I have limited time to do my caterpillar raising so I tend to rely on the photographs for my record keeping. I do label the foodplant used on the container, this helps me remember what to feed it. When I upload results on the iNaturalist I go through the photos and use the photo dates to add the dates for hatching, pupation, emergence etc. As well as anything interesting about the way they formed their pupa. If I had more time, I would take length measurements of everything as they develop and take notes on other aspects of their activity and behaviour.


Anything else e.g. temperature/humidity considerations? Anything you've learnt along the way from successes and failures?

I have learnt a lot since starting out. Controlling humidity has certainly been a learning curve. When I first started using containers it was winter and I found that you could get away with having a plastic lid on the containers and everything would stay quite nice. I found that in springtime however lack of ventilation and higher temperatures meant condensation build up and problems with mould developing, so I quickly switched to having fine mesh lids on all my containers. Keeping containers moist is more of a challenge in summer. I did not realise that Pupa need some moisture to survive, and I think I killed quite a few Pupae last summer because I let them get to dry. I now use a spray bottle to increase the humidity if things have gotten a bit dry. I keep my containers under a veranda that protects them from direct sunlight. I have also learnt that you need to be careful when handling your caterpillars. Unfortunately, when I have gotten a bit rushed or careless at times some have been accidently squashed or have managed to escape from their containers. Some of them can be quite fragile.

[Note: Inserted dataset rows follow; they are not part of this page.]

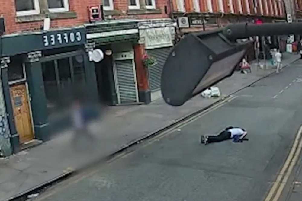Shocking footage shows the Sikh priest, 62, lying face down in the road following the brutal attack in the centre of Manchester.
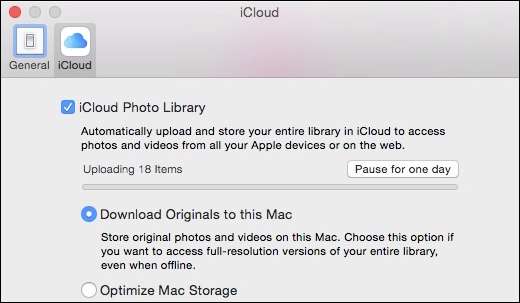 Als u nu op het tabblad iCloud klikt, ziet u dat uw bestanden worden gesynchroniseerd en worden teruggezet naar uw nieuwe fotobibliotheek zodra deze is gedownload, terwijl alles wat u toevoegt, wordt geüpload.
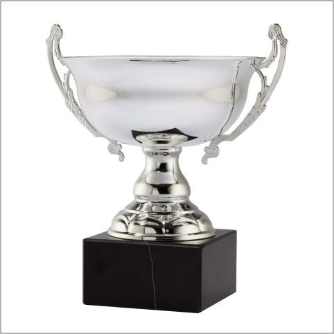 An Elegant Italian Metal Cup And Pedestal Mounted On Genuine Black Marble Base
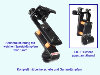 Hier mit der Lenkerschelle (4-Krallenklicksystem) und 4 Gummidämpfern. Im Shop als Artikel: Z100-4D-1630 zu finden. Sie können verschiedene Optionen wählen. (Sonnenblende, oder für KFZ- / Motorradcradle). Auch die Schelle 1569 kann verwendet werden, so wie hier.
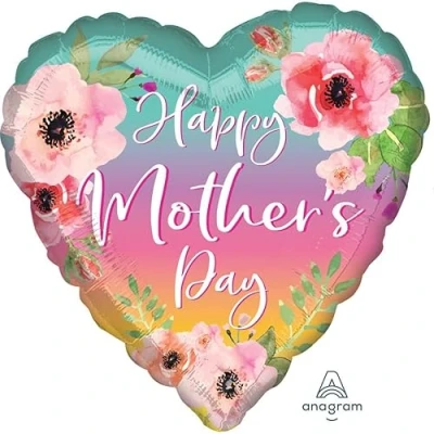 Shower mum in beautiful balloons this Mother's day Heart shaped balloon with a 'Happy Mother's Day' message and an ombre floral hearts print Simply pair with complimentary foil balloons to create a stunning balloon bouquet gift for mum Measures: 18 Inch Suitable for helium inflation only, Manufacturer: Amscan
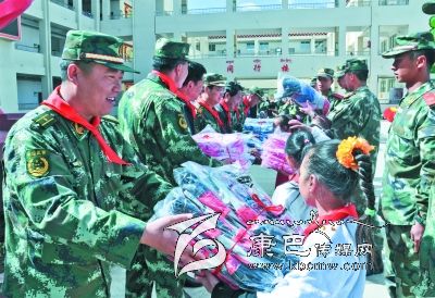 儀式上,8722部隊向?qū)W校贈送了價值萬余元的學習用品,拿著裝有鉛筆、水彩筆等各種文具的“愛心書包”,孩子們興奮不已。12歲的藏族女生登真啟珍告訴筆者:“今年的‘六一’兒童節(jié),武警部隊的叔叔們專門來看望我們,還送來了禮物,我感到特別開心。”儀式上,少先隊員們給參加慰問的部隊領(lǐng)導(dǎo)戴上鮮艷的紅領(lǐng)巾,孩子們還表演了精心排練的節(jié)目。一張張燦爛的笑臉,一陣陣蕩漾心扉的歌聲,傳遞著駐訓武警部隊與當?shù)厝罕姖鉂獾聂~水深情。
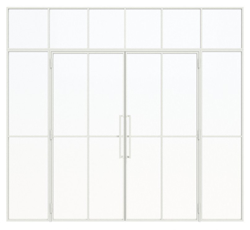 Szerokość i wysokość obu skrzydeł drzwiowych możesz określić w menu konfiguracji. Szerokość elementów bocznych oraz wysokość naświetla dopasowują się do tych wymiarów. Na zapytanie możliwe jest lakierowanie ramy na wybrany kolor RAL, jak również asymetryczny podział obu elementów bocznych lub skrzydeł drzwiowych.
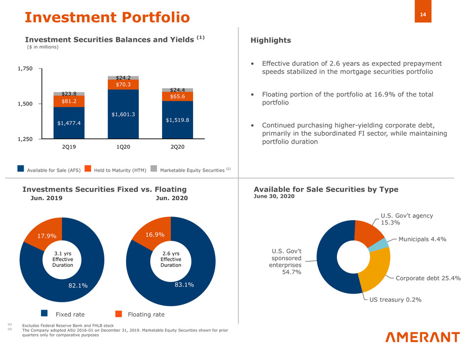 37 Appendix 2 Non-GAAP Financial Measures Reconciliations (cont’d) (in thousands, except per share data and percentages) 2Q20 YTD 2019 2018 2017 Efficiency ratio 59.47 % 77.47 % 78.77 % 73.84 % Less: impact of restructuring costs (1.21)% (1.89)% (2.34)% — % Less: impact of total spin-off costs — % — % (2.44)% (1.86)% Plus: gain on sale of vacant Beacon land — % 0.81 % — % — % Plus: gain on sale of New York building —% — % — % 2.78 % Adjusted efficiency ratio 58.26 % 76.39 % 73.99 % 74.76 % Total noninterest income $ 41,663 $ 57,110 $ 53,875 $ 71,485 Less: securities gains, net 7,737 2,605 (999) (1,601) Less: net gain on sale of properties — 2,795 — 10,469 Adjusted noninterest income for operating revenue $ 12,016 $ 51,710 $ 54,874 $ 62,617 Net interest income before provision 46,323 213,088 219,039 209,710 Operating revenue 58,339 264,798 273,913 272,327 Adjusted noninterest income as a % of operating revenue 20.6 % 19.5 % 20.0 % 23.0 % Tangible common equity ratio: Stockholders' equity $ 830,198 $ 834,701 $ 747,418 $ 753,450 Less: Goodwill and other intangibles (21,653) (21,744) (21,042) (21,186) Tangible common stockholders' equity $ 808,545 $ 812,957 $ 726,376 $ 732,264 Total assets 8,130,723 7,985,399 8,124,347 8,436,767 Less: Goodwill and other intangibles (21,653) (21,744) (21,042) (21,186) Tangible assets $ 8,109,070 $ 7,963,655 $ 8,103,305 $ 8,415,581 Common shares outstanding 42,159 43,146 43,183 42,489 Tangible common equity ratio 9.97 % 10.21 % 8.96 % 8.70 % Stockholders' book value per common share $ 19.69 $ 19.35 $ 17.31 $ 17.73 Tangible stockholders' book value per common share $ 19.18 $ 18.84 $ 16.82 $ 17.23 (1) Expenses incurred for actions designed to implement the Company’s strategy as a new independent company. These actions include, but are not limited to, reductions in workforce, streamlining operational processes, rolling out the Amerant brand, implementation of new technology system applications, enhanced sales tools and training, expanded product offerings and improved customer analytics to identify opportunities. (2) The spin-off caused an unexpected early distribution for U.S. federal income tax purposes from our deferred compensation plan. This distribution was taxable to plan participants as ordinary income during 2018. We partially compensated plan participants, in the aggregate amount of $1.2 million, for the higher tax expense they incurred as a result of the distribution increasing the plan participants' estimated effective federal income tax rates by recording a contribution to the plan on behalf of its participants. The after tax net effect of this $1.2 million contribution for the period ended September 30, 2018, was approximately $952,000. As a result of the early taxable distribution to plan participants, we expensed and deducted for federal income tax purposes, previously deferred compensation of approximately $8.1 million, resulting in an estimated tax credit of $1.7 million, which exceeded the amount of the tax gross-up paid to plan participants. (3) Calculated based upon the estimated annual effective tax rate for the periods, which excludes the tax effect of discrete items, and the amounts that resulted from the permanent difference between spin-off costs that are non-deductible for Federal and state income tax purposes, and total spin-off costs recognized in the consolidated financial statements. The estimated annual effective rate applied for the calculation differs from the reported effective tax rate since it is based on a different mix of statutory rates applicable to these expenses and to the rates applicable to the Company and its subsidiaries. (4) Calculated based upon an estimated annual effective rate of 31.71%. (5) As of June 30, 2020 and December 31, 2019, potential dilutive instruments consisted unvested shares of restricted stock and restricted stock units mainly related to the Company’s IPO in 2018, totaling 491,360 and 530,620, respectively. As of June 30, 2020, potential dilutive instruments were not included in the dilutive earnings per share computation because the Company reported a net loss and their inclusion would have an antidilutive effect. As of December 31, 2019, potential dilutive instruments were included in the diluted earnings per share computation because, when the unamortized deferred compensation cost related to these shares was divided by the average market price per share at those dates, fewer shares would have been purchased than restricted shares assumed issued. Therefore, at that date, such awards resulted in higher diluted weighted averages shares outstanding than basic weighted average shares outstanding, and had a dilutive effect in per share earnings. We had no outstanding dilutive instruments as of any period prior to December 2018.
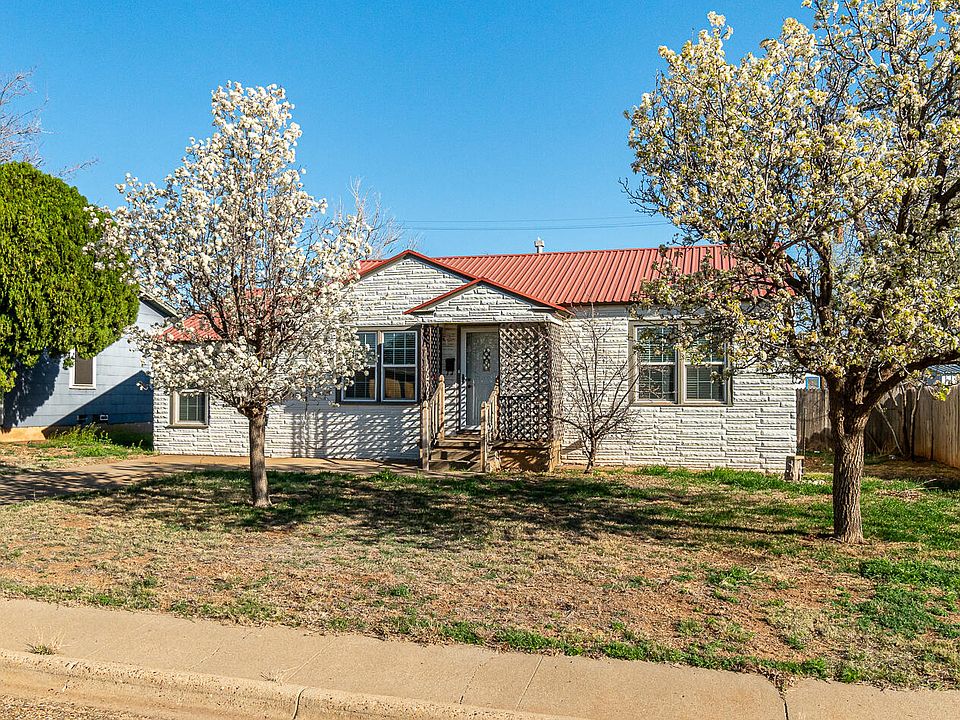 Cute 3BR 1BA house with lots of updates is Move in Ready and Up For Sale! This home has curb appeal and newer windows, a nice sized living room that flows into the big kitchen with an eat in area, large master, dedicated utility room and updated walk-in shower in the bathroom. Central Heat and Air, a nice metal roof, large fenced in backyard with an elevated patio and established trees are ready for your BBQ. Come and see this little house for yourself!
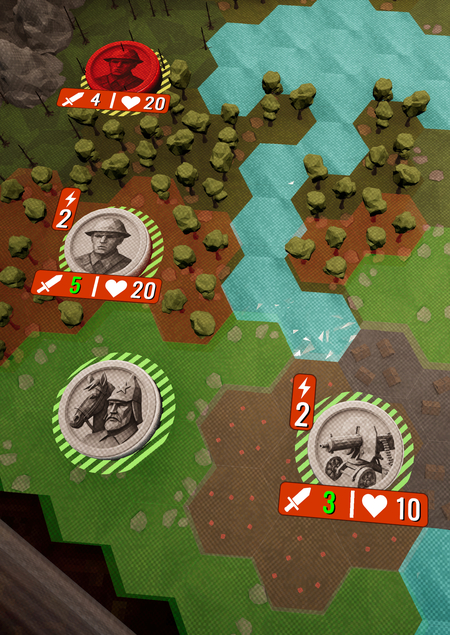 Матросы без штрафов пересекают реки, кавалерия не получает урона от барьеров, а пулемёты наносят урон всем вражеским фигурам, перемещающимся в некотором радиусе от них.
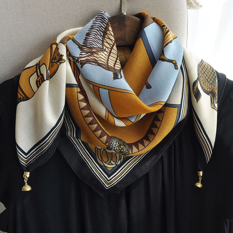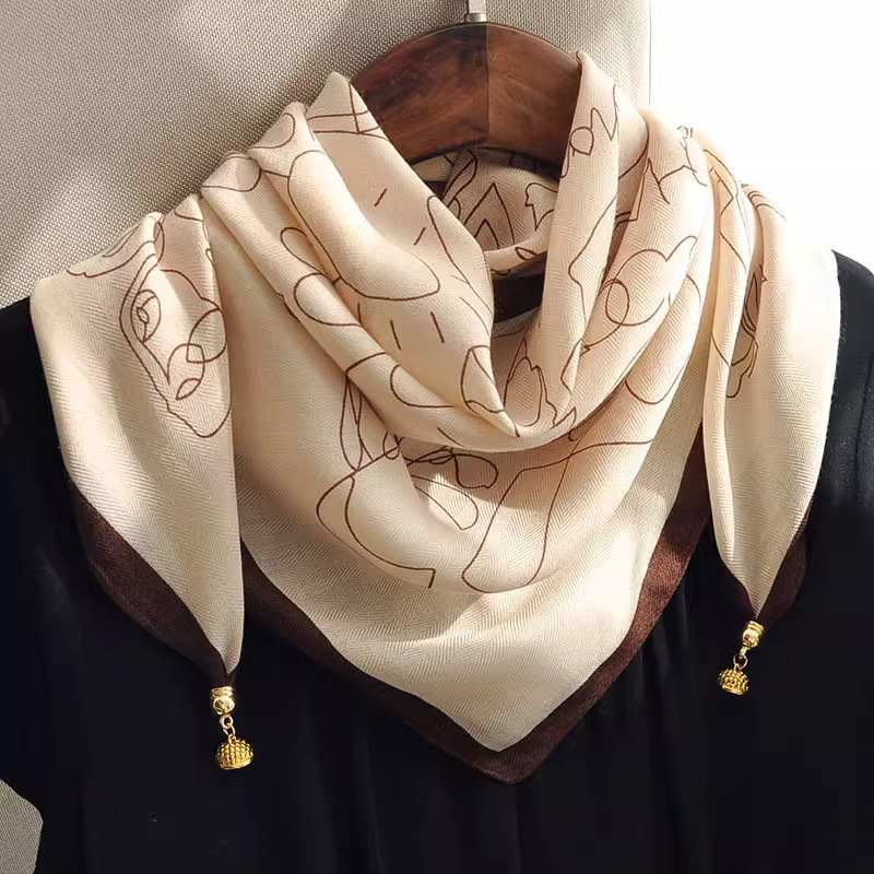 韩风磁吸扣丝巾女薄款方巾冬季吊坠围巾围脖装饰时尚百搭护颈批发
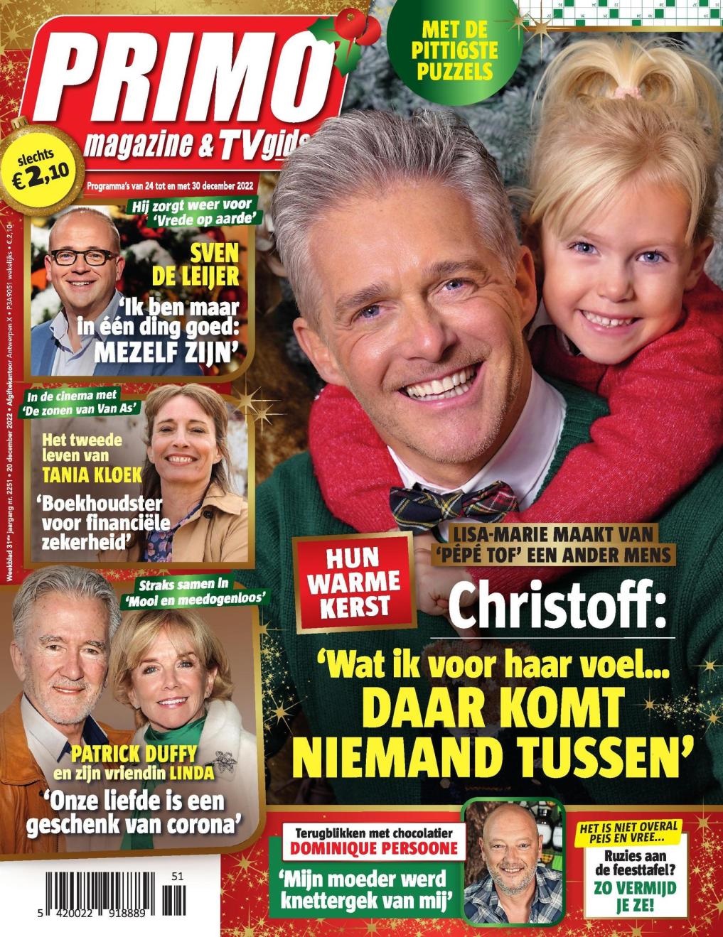 Weekblad Primo pakt uit met een hartverwarmende cover deze week: Christoff poseert samen met zijn petekindje Lisa-Marie, dochter van zijn zus Lindsay. In het blad verteld de zanger honderuit over de speciale band die hij heeft Lisa-Marie, en hoe zij van ‘pépé Tof’ een ander mens maakt. ‘Wat ik voor haar voel, daar komt niemand tussen‘, klinkt het. Klik hier om de volledige cover van Primo te bekijken.
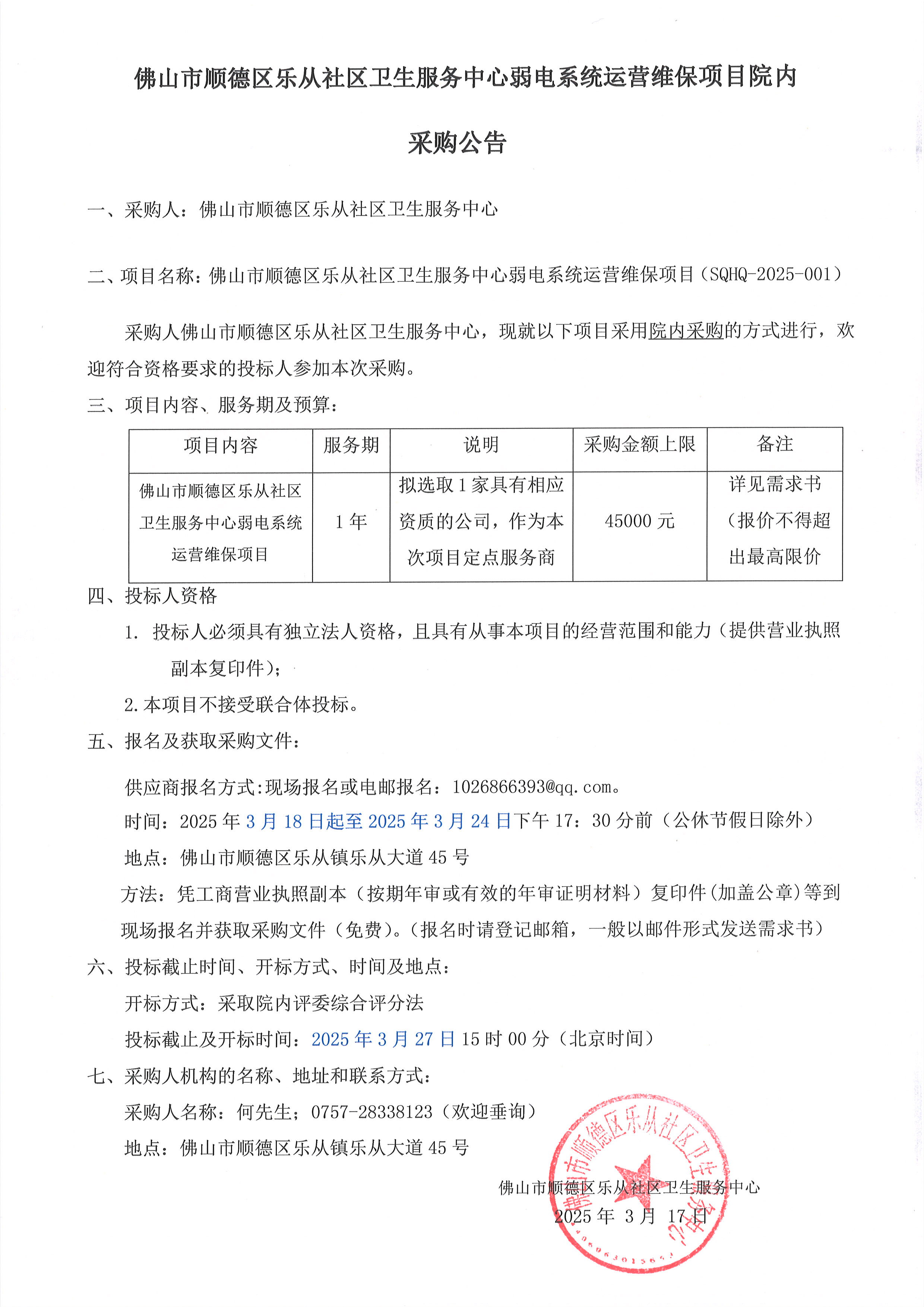 上一篇: 佛山市顺德区乐从社区卫生服务中心污水处理站日常运维服务项目的院内采购公告
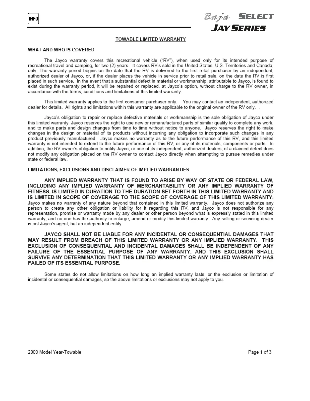 Jayco JAY SERIES - TOWABLE LIMITED WARRANTY; WHAT AND WHO IS COVERED
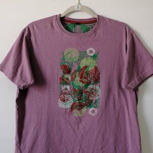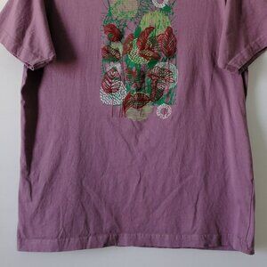 Aarong Mens Purple Crew Neck Short Sleeve Graphic Print Cotton T-Shirt Size XL
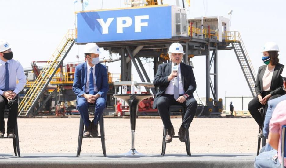 El mandatario nacional estuvo acompañado por los ministros de Economía, Martín Guzmán; e Interior, Eduardo de Pedro; los gobernadores de Neuquén, Omar Gutiérrez; y Río Negro, Arabela Carreras; el secretario de Energía, Darío Martínez; el presidente de YPF, Guillermo Nielsen; y el CEO de la empresa, Sergio Affronti.

Posted by daviaker daviaker, June 21, 2021 07:33


Thanks @daviaker this is all really interesting!
I have certainly had some misadventures in my short time rearing caterpillars so far (mould, escapees, and an important lesson in not using sticky tape in a cage with delicate larval insects).

My favourite container so far are the large tall plastic kind used for kimchee! They have nice flat sides which are very easy to see through.

Also cannot emphasise enough what a great resource @donhe 's website is for beginners.

Posted by claudiarose 6 months ago (Flag)

Thank you for such an informative article. I have been considering trying to raise some larvae through to moth stage for identification purposes. I have tried to discover, so far unsuccessfully, if I need a permit when I collect from my own property. I would feed the larvae with the same plants I collect them from. Any efforts would be on a very small scale.
I am in Victoria. Do you have any ideas where to check about collecting from my own property?

Posted by jennywest1 5 months ago (Flag)

Hi Jenny, What you are considering is pretty much what I do. That is collect and rear caterpillars found on my own property. I am certain there is no issue with collecting on your own property (The Victorian Wildlife Act does not offer any protection to invertebrates unless they are listed under the Flora and Fauna Guarantee). If you are collecting from other land though it is likely you would need a permit or permission from the landholder.

Good luck I will be interested to see any results.

Posted by daviaker 5 months ago (Flag)

Thanks for your reply. I will let you know how I go.